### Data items

=====

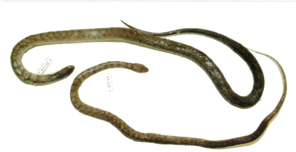
Fig. 2: The two voucher specimens of Amphiesma sarasinorum (BOULENGER, 1896) (NMW 22428:1, NMW 22428:2) in the Vienna collection that have most probably been collected by H. FRUHSTORFER at Mount Bawakaraeng (= Bua Kraeng), Southwest Sulawesi, in 1896.
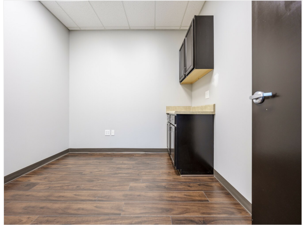
storage. medium suite
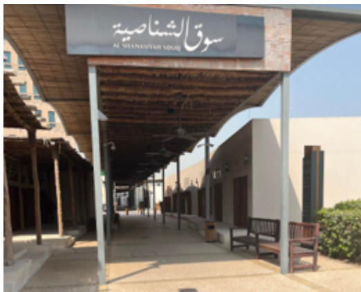
Al Shanasiyah Souq Entrance in Sharjah

Heritage preservation efforts in the gulf region have been increasingly prominent in recent decades, materializing in a variety of ways and forms. Because of the inherent malleability of heritage in the construction of heritage narratives, this project will explore the ways that heritage revitalization projects, in the form of preserved heritage districts, construct heritage narratives that reflect the development trends and goals of the city. The two cases, the Al Shindagha district within the Develop Historic Dubai Project and the Heart of Sharjah district were analyzed using satellite imagery, on site observations, and discourse analysis. It was determined that Dubai presents a heritage as progress narrative while Sharjah attempts to root its heritage in the local city, resulting in a heritage as heart narrative.
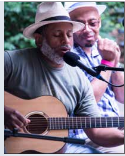
2016 DC Blues Festival pages 4 and 5
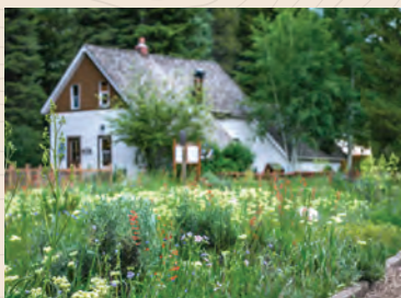
◀ VAIL NATURE CENTER IN FORD PARK
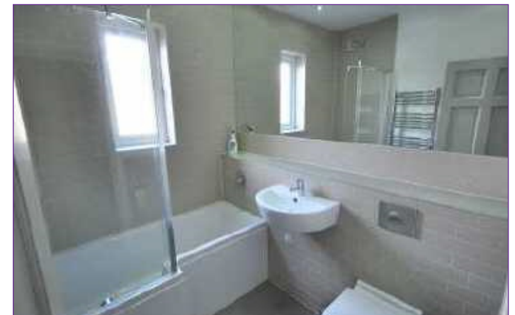
MODERN FAMILY BATHROOM
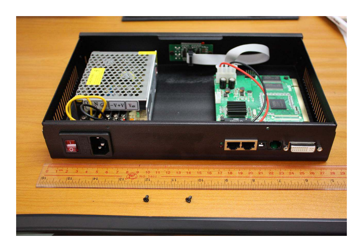
16 grades brightness manually adjust in the front penal.
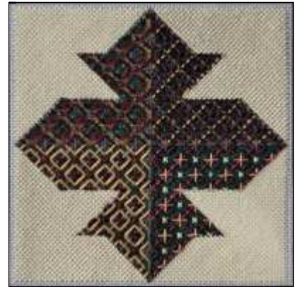
Color choice: Jewel

A coupon is provided for this meeting. Deadline for registration is April 1st.
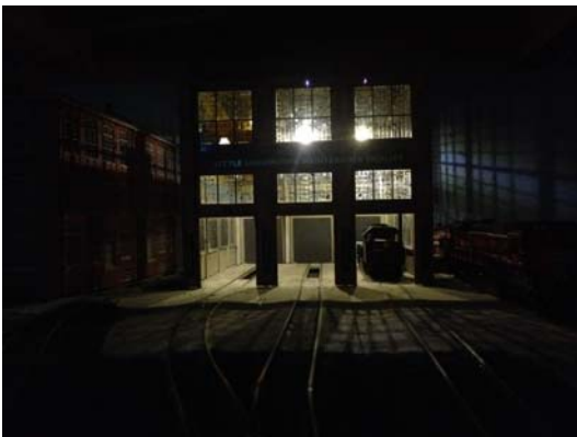
Brighter lighting in the Little Locomotive Facility.
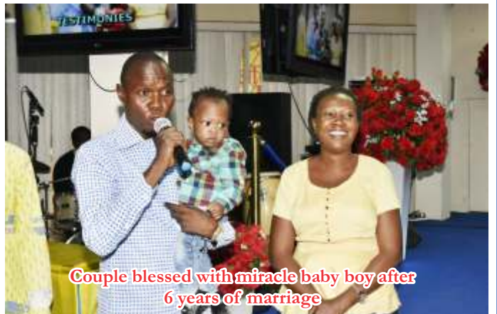
Couple blessed with miracle baby boy after 6 years of marriage
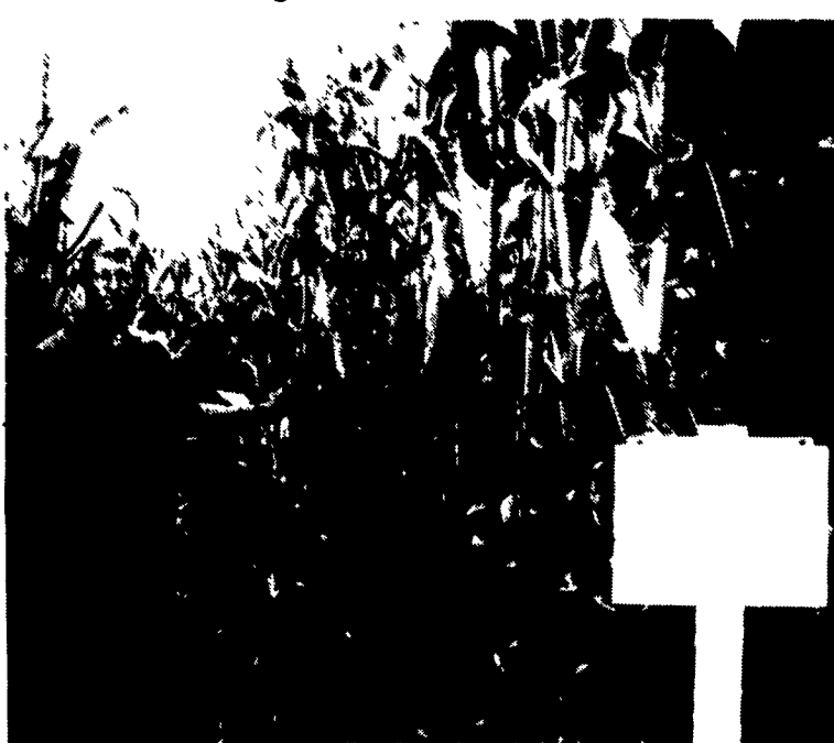
According to Mark Chegwidden, Agway intern, at the wider rows, stalk and cob sizes increase. At the narrower rows, while the cob and stalk sizes decrease, there are more plants per space which may result in greater yield.
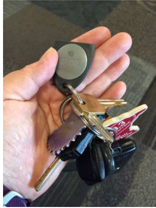
HOURCAR fob on a keychain

HOURCAR fob: The dark-grey, triangular fob that HOURCAR issues you when you become a member. Has “AWID” embossed in a lighter-grey circle in the middle of the fob. Lives on YOUR keychain!
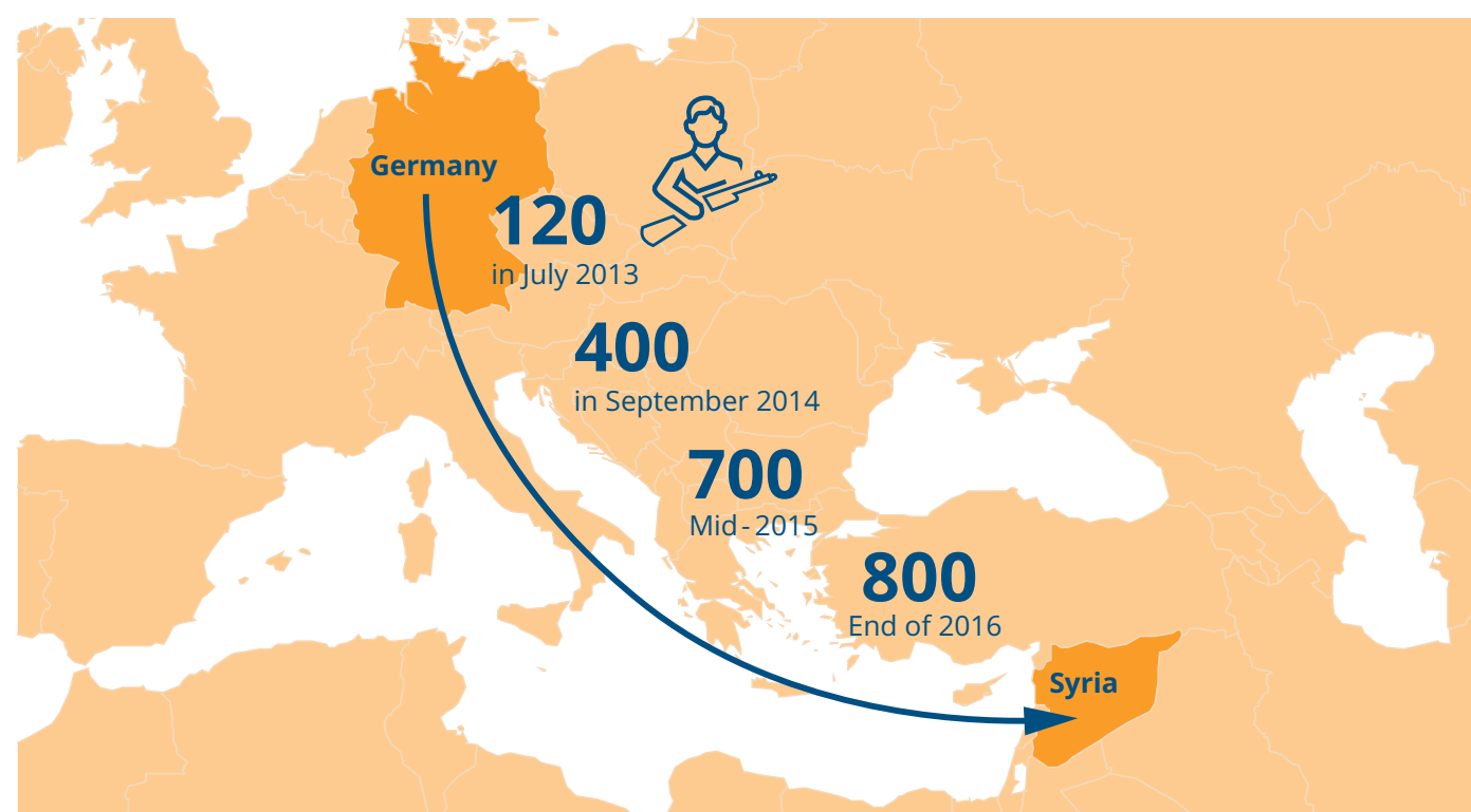
Figure 2: German departees to Syria from 2013 to 2016

The total number of Germans who left for Syria is around 1,070, of whom about 80 per cent joined IS. According to a study by German security agencies, the total number of departees grew from a few isolated cases at the end of 2012 to more than 120 in July 2013, then to almost 400 in September 2014, more than 700 in mid-2015, and nearly 800 at the end of June 2016.<sup>28</sup> The number of departures already began to decline sharply at the beginning of 2015. It is possible that the potential for willing recruits in Germany – where the number of jihadists was already roughly estimated to be around 1,000 to 2,000 at the time – was largely exhausted. In addition, the falling numbers were likely a result of the imprisonment of important recruiters in Germany, the measures taken by the German security services to hinder departures, and the defeats that IS suffered starting in spring 2015.
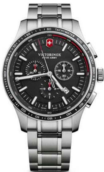
241816 - ALLIANCE SPORT CHRONO ø 40 mm
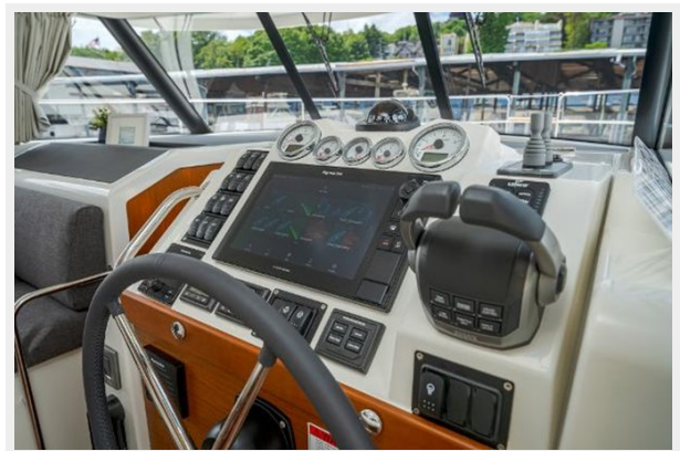
BENETEAU Swift Trawler 41 HELM
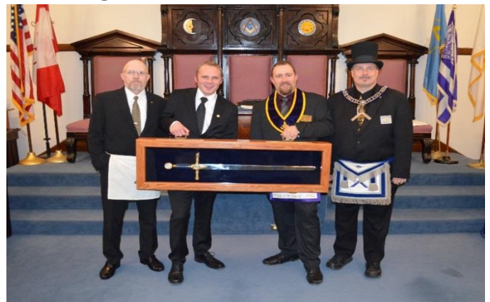
Brothers from Faribault Lodge #9 take back the Proficiency Sword!
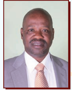
Speaker Hon. A. Thweshu

INVITATION FROM THE SPEAKER, HONOURABLE A. THWESHA
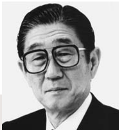
Third Chair 1990–1991

Hon. Shintaro Abe Former Minister of Foreign Affairs
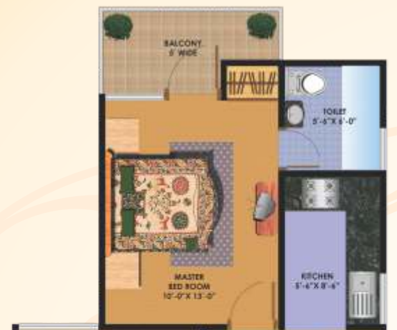
TYPE 4 3BHK+2 TOI.+STORE SUPER AREA : 1225 sq. ft. (113.81 mtr.) BUILT-UP AREA : 877.73 sq. ft. (81.54 mtr.)
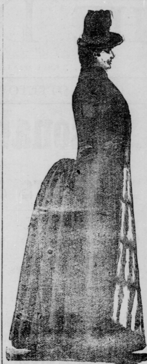
Charlottetown, Nov. 16, 1888—dy & wy

All kinds of Legal Business promptly attended to. Money to Loan at low interest.
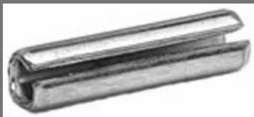
2214/2516 Taurus Spring Pins
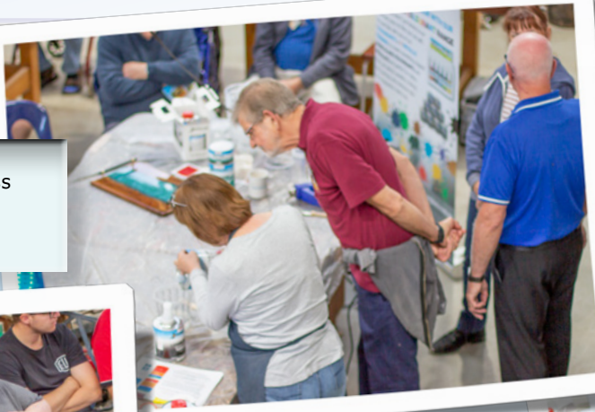
More scenes at the Norglass Demonstration

=====

### WORK REQUEST
In the data above, find the line containing "Hon. Shintaro Abe" and the line containing "Charlottetown, Nov. 16, 1888—dy & wy". Copy exactly the stretch from the first through the second, both included, leaving out any picture.

### OUTPUT FOR THIS TASK
Hon. Shintaro Abe Former Minister of Foreign Affairs
TYPE 4 3BHK+2 TOI.+STORE SUPER AREA : 1225 sq. ft. (113.81 mtr.) BUILT-UP AREA : 877.73 sq. ft. (81.54 mtr.)
Charlottetown, Nov. 16, 1888—dy & wy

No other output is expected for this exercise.